Installing Arduino libraries

Using existing libraries, we can communicate with the NRF24L01 module and save time. These libraries have been tested and improved by the community over the years, providing a robust code base. We strongly suggest using these libraries instead of building everything from scratch. The same applies to the AirControl library that simplifies the usage by providing pre-defined structures.

These libraries can be downloaded from our official repository:

• RF24 official library: Download here

• AirControl official library: Download here

To import a library, open the Arduino IDE, go to Sketch > Include Library > Add .ZIP Library and select the library file downloaded from our GitHub repository.

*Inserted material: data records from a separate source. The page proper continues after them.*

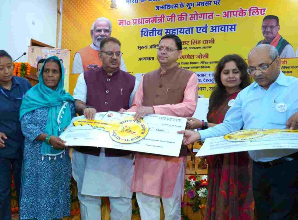 देहरादून। मुख्यमंत्री पुष्कर सिंह धामी ने रविवार को मुख्यमंत्री आवास स्थित मुख्य सेवक सदन में प्रधानमंत्री नरेन्द्र मोदी के जन्म दिवस के अवसर पर  प्रधानमंत्री की सौगात-आपके लिए’ कार्यक्रम में राष्ट्रीय ग्रामीण आजीविका मिशन के अन्तर्गत स्वयं सहायता समूहों एवं प्रधानमंत्री आवास योजना-ग्रामीण के अन्तर्गत 11 लाभार्थियों को आवास स्वीकृति पत्र, चाबी एवं घर के लिए बर्तन और सामान क्रय के लिए 05-05 हजार रुपये के चेक प्रदान किये। मुख्यमंत्री ने कहा कि प्रधानमंत्री आवास योजना-ग्रामीण के लाभार्थियों को अब घर के बर्तन और सामान के लिए 06-06 हजार रुपये दिये जायेंगे।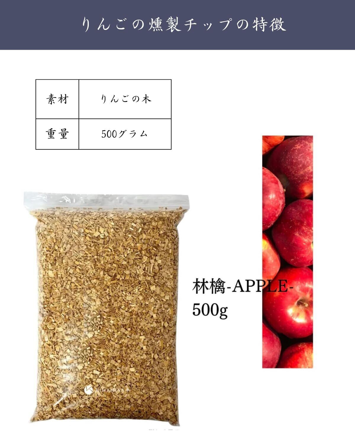 こだわりのりんごの木を使用した燻製チップ。 爽やかでほのかに甘い香りが特徴で、肉・魚・チーズ・ナッツ・野菜など、幅広い食材に優しく馴染みます。 燻製の風味をより繊細に仕上げたい方におすすめです。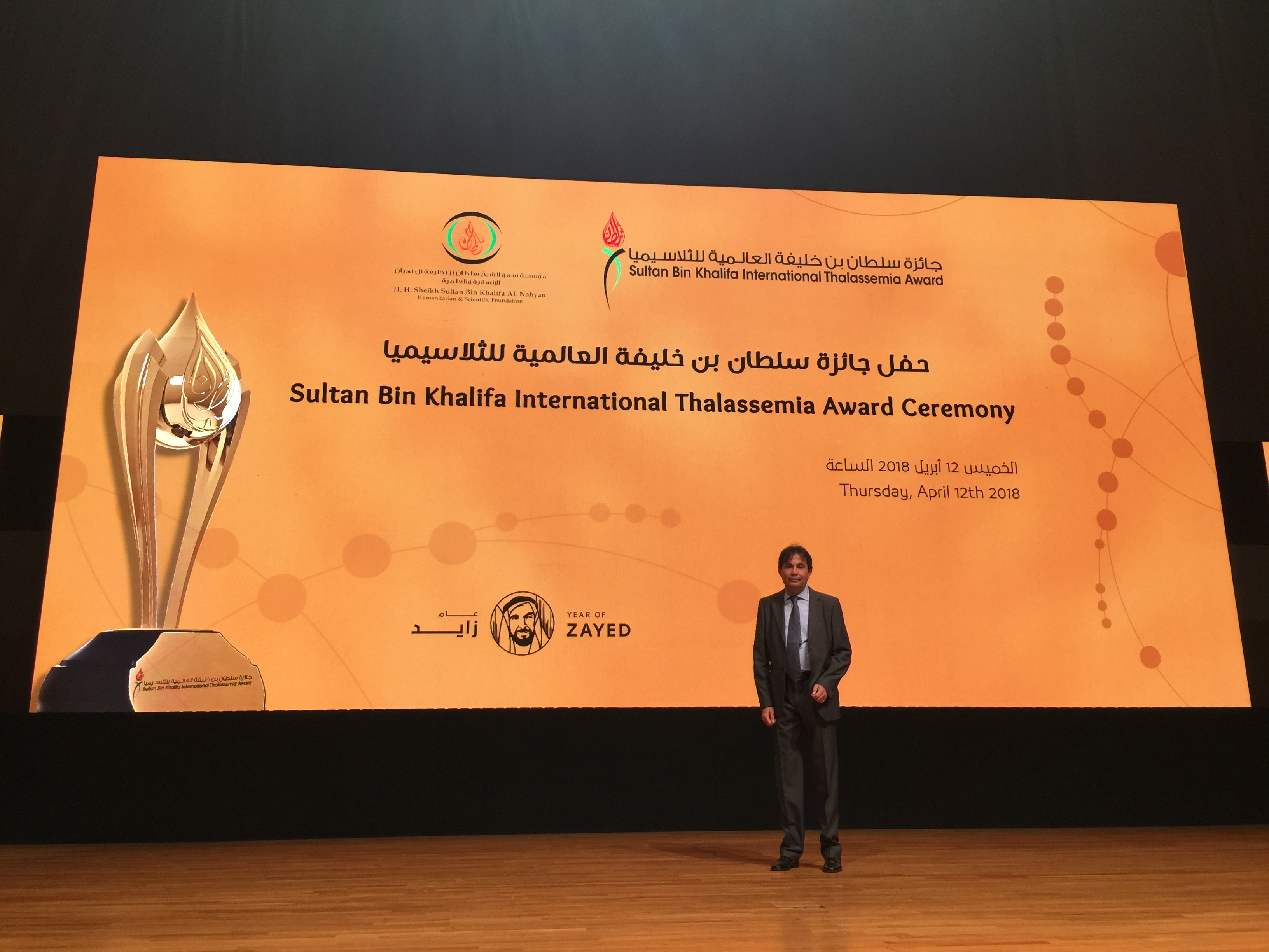 Η τελετή απονομής πραγματοποιήθηκε κατά τη διάρκεια της εναρκτήριας τελετής του «2ου Παναραβικού Συνεδρίου για τη Θαλασσαιμία & τις Αιμοσφαιρινοπάθειες του 8ου Αιματολογικού Συνεδρίου Εμιράτων» στις 12-14 Απριλίου 2018 στο Abu Dhabi (Άμπου Ντάμπι), πρωτεύουσα και δεύτερη μεγαλύτερη πόλη των Ηνωμένων Αραβικών Εμιράτων.

Then you can simply use include statement:

#include "RF24.h"
#include "nRF24L01.h"
#include "AirControl.h"

AirControl library

The AirControl library defines structures for the joystick and its control elements. These structures contain information about each control element and allow us to know the current state of each element at any given moment.

struct button {
    byte pressed = 0;
};

struct toggle {
    byte on = 0;
};

struct potentiometer {
    byte level = 0;
};

struct analog {
    short x, y;

    button button;
};

//Max size of this struct is 32 bytes - NRF24L01 buffer limit
struct air_control {
    char key[10] = "hibit";

    struct {
      analog left, right;
    } analogs;

    struct {
      toggle upper, lower;
    } toggles;

    struct {
      struct {
        button upper, lower;
      } left, right;
    } buttons;

    struct {
      potentiometer left, right;
    } potentiometers;
};

The library additionally includes a debug function that displays the current state of the controller.

Remote control

The advantage of using custom components and the AirControl joystick is the ability to fully customize the communication. This allows us to assign specific functions to buttons and control various features in the way we prefer.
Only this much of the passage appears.